Jobmanager处理消息--SubmitJob消息

Jobmanager处理SubmitJob

先将submitJob的主要步骤总结写在开头,然后一步步分析。

  • 1,通过JobGraph生成ExecutionGraph;
  • 2,恢复状态CheckpointedState,或者Savepoint;
  • 3,提交Execution给Scheduler进行调度;
    • 3.1 获取ExecutionGraph中所有vertice,并为其分配slot资源;
    • 3.2 通知TaskManager,将每个vertice部署在分配好的资源中。

下面一步一步分析:

1,通过JobGraph生成ExecutionGraph

  • jobManager接收到SubmitJob消息后,生成了一个jobInfo对象装载job信息,然后调用submitJob方法。
case SubmitJob(jobGraph, listeningBehaviour) =>
      val client = sender()
      val jobInfo = new JobInfo(client, listeningBehaviour, System.currentTimeMillis(),
        jobGraph.getSessionTimeout)
      submitJob(jobGraph, jobInfo)
  • 深入submitJob方法,首先判断jobGraph是否为空,如果为空,返回JobResultFailure消息;
if (jobGraph == null) {
      jobInfo.notifyClients(
        decorateMessage(JobResultFailure(
          new SerializedThrowable(
            new JobSubmissionException(null, "JobGraph must not be null.")))))
}
  • 接着向类库缓存管理器注册该Job相关的库文件、类路径;必须确保该步骤在第一步执行,因为后续产生任何异常可以确保上传的类库和Jar等成功从类库缓存管理器移除。
libraryCacheManager.registerJob(
            jobGraph.getJobID, jobGraph.getUserJarBlobKeys, jobGraph.getClasspaths)
  • 接下来是获得用户代码的类加载器classLoader以及发生失败时的重启策略restartStrategy;
val userCodeLoader = libraryCacheManager.getClassLoader(jobGraph.getJobID)
...
val restartStrategy =
    Option(jobGraph.getSerializedExecutionConfig()
        .deserializeValue(userCodeLoader)
        .getRestartStrategy())
        .map(RestartStrategyFactory.createRestartStrategy)
        .filter(p => p != null) match {
        case Some(strategy) => strategy
        case None => restartStrategyFactory.createRestartStrategy()
	}
  • 接着,获取ExecutionGraph对象的实例。首先尝试从缓存中查找,如果缓存中存在则直接返回,否则直接创建然后加入缓存;
val registerNewGraph = currentJobs.get(jobGraph.getJobID) match {
    case Some((graph, currentJobInfo)) =>
    	executionGraph = graph
    	currentJobInfo.setLastActive()
    	false
    case None =>
    	true
}

val allocationTimeout: Long = flinkConfiguration.getLong(
	JobManagerOptions.SLOT_REQUEST_TIMEOUT)

val resultPartitionLocationTrackerProxy: ResultPartitionLocationTrackerProxy =
	new ResultPartitionLocationTrackerProxy(flinkConfiguration)

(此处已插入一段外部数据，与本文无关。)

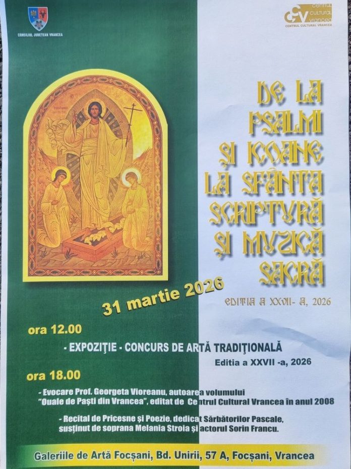 Consiliul Județean Vrancea, prin Centrul Cultural Vrancea, organizează și are onoarea de a invita publicul la cea de-a XXVII-a ediție a manifestării culturale și spirituale „De la Psalmi și Icoane la Sfânta Scriptură și Muzică Sacră”. Evenimentul va avea loc marți, 31 martie 2026, la Galeriile de Artă din Focșani (Bd. Unirii, nr. 57 A). Programul zilei este structurat în două momente principale, menite să celebreze tradițiile pascale, credința și valorile identitare românești:
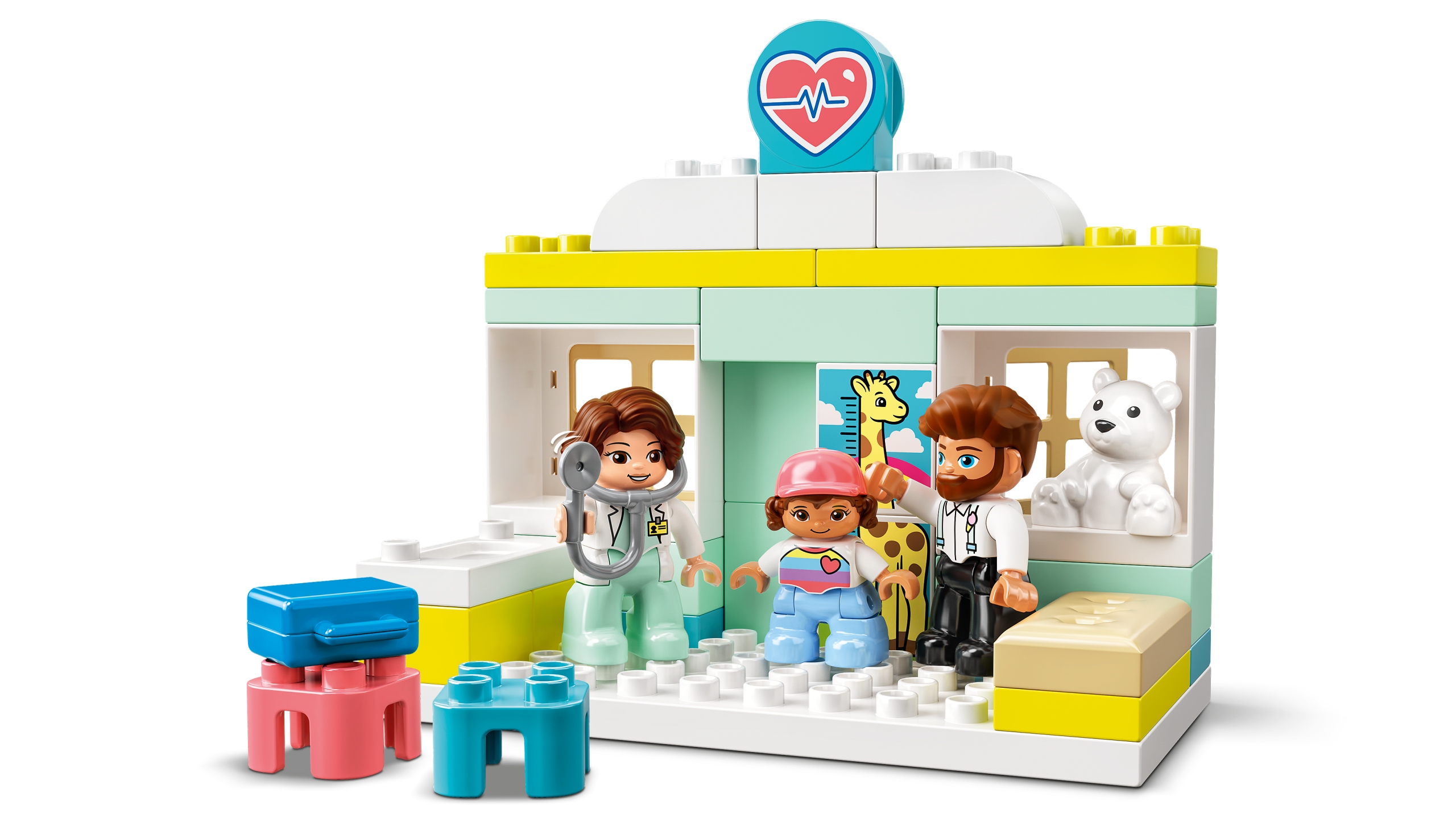 - Внутри полно аттракционов - в набор входят три фигурки LEGO DUPLO: врач, папа и ребенок, а также плюшевый мишка, таблица роста с жирафом, умывальник, кушетка, открывающийся чемодан и два стула.

executionGraph = ExecutionGraphBuilder.buildGraph(
    executionGraph,
    jobGraph,
    flinkConfiguration,
    futureExecutor,
    ioExecutor,
    scheduler,
    userCodeLoader,
    checkpointRecoveryFactory,
    Time.of(timeout.length, timeout.unit),
    restartStrategy,
    jobMetrics,
    numSlots,
    blobServer,
    resultPartitionLocationTrackerProxy,
    Time.milliseconds(allocationTimeout),
    log.logger)
...
//加入缓存
if (registerNewGraph) {
   currentJobs.put(jobGraph.getJobID, (executionGraph, jobInfo))
}
  • 接着根据配置生成带有graphManagerPlugin的graphManager(后面需要用到这个),和operationLogManager;
val conf = new Configuration(jobGraph.getJobConfiguration)
conf.addAll(jobGraph.getSchedulingConfiguration)
val graphManagerPlugin = GraphManagerPluginFactory.createGraphManagerPlugin(
	jobGraph.getSchedulingConfiguration, userCodeLoader)
val operationLogManager = new OperationLogManager(
	OperationLogStoreLoader.loadOperationLogStore(jobGraph.getJobID(), conf))
val graphManager =
	new GraphManager(graphManagerPlugin, null, operationLogManager, executionGraph)
graphManager.open(jobGraph, new SchedulingConfig(conf, userCodeLoader))
executionGraph.setGraphManager(graphManager)
operationLogManager.start()
  • 注册Job状态变化的事件回调给jobmanager自己;
executionGraph.registerJobStatusListener(
          new StatusListenerMessenger(self, leaderSessionID.orNull))
  • 注册整个job状态变化事件回调和单个task状态变化回调给client;
jobInfo.clients foreach {
    // the sender wants to be notified about state changes
    case (client, ListeningBehaviour.EXECUTION_RESULT_AND_STATE_CHANGES) =>
    	val listener  = new StatusListenerMessenger(client, leaderSessionID.orNull)
    	executionGraph.registerExecutionListener(listener)
    	executionGraph.registerJobStatusListener(listener)
    case _ => // do nothing
}
  • 生成executionGraph细节在另一个文章中分析,获取executionGraph之后,如何提交job?继续看;

2,恢复状态CheckpointedState,或者Savepoint

  • 如果是恢复的job,从最新的checkpoint中恢复;
if (isRecovery) {
    // this is a recovery of a master failure (this master takes over)
    executionGraph.restoreLatestCheckpointedState(false, false)
}
  • 或者获取savepoint配置,如果配置了savepoint,便从savepoint中恢复;
val savepointSettings = jobGraph.getSavepointRestoreSettings
if (savepointSettings.restoreSavepoint()) {
    try {
        val savepointPath = savepointSettings.getRestorePath()
        val allowNonRestored = savepointSettings.allowNonRestoredState()
        val resumeFromLatestCheckpoint = savepointSettings.resumeFromLatestCheckpoint()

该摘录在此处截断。